En prélude à la 1ère session du programme national du recensement administratif à vocation d’état civil (PN-RAVEC), le ministre de l’administration du territoire et de la décentralisation a rencontré ce vendredi 16 février 2024, des acteurs politiques ayant pris part au cadre de dialogue inter-guinéen. Une occasion parfaite pour Mory Condé de jeter un regard sur l’actualité au Sénégal, avec la décision du Conseil constitutionnel, invalidant l’annulation de l’élection présidentielle par Macky Sall.
Le chef du département de l’administration du territoire et de la décentralisation a fait un parallèle entre les institutions sénégalaises et celles guinéennes. Pour Mory Condé, les acteurs sociopolitiques guinéens pouvaient se battre pour donner à la Guinée d’institutions fortes en lieu et place d’hommes forts.

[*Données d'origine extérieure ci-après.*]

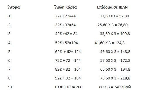 Αντίστοιχα, όσοι επέλεξαν Άυλη Κάρτα θα λάβουν δόσεις δύο μηνών, Φεβρουαρίου και Μαρτίου μαζεμένες, από 44 έως 200 ευρώ, ως εξής:

‘’Vous, en tant qu’acteurs politiques, nous aurons tous dû travailler, disposer d’un système. Que ça soit Bah Oury ou x, quelle que soit la personne concernée au parlement ou député, que la personne puisse trouver un système en place pour l’utiliser comme il veut, mais qui l’oblige à se conformer.

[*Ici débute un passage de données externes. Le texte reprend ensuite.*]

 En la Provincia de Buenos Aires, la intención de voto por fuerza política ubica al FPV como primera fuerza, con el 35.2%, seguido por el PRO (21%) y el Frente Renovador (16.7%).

Hier (jeudi), je voyais dans beaucoup de plateformes où on était en train de saluer le courage des magistrats du conseil constitutionnel du Sénégal. Pour le Guinéen, ce n’est pas possible. Dans notre commun ici, on se dit que ce n’est pas possible, parce qu’on on n’a jamais construit des institutions, c’est plutôt des individus qu’on a cherchés à construire. Finalement, quand ils arrivent à la tête, ils font ce qu’ils veulent’’, a titillé Mory Condé.
Selon lui, ‘’ces pays-là, on a les mêmes intelligences. Beaucoup dans cette salle ont travaillé dans ces pays et ils ont fait leurs preuves, pourquoi pas aussitôt faire nos preuves et construire des choses qui peuvent aussi résister, quelle que soit la personne qui se trouve sur le terrain ?’’, s’est-il interrogé.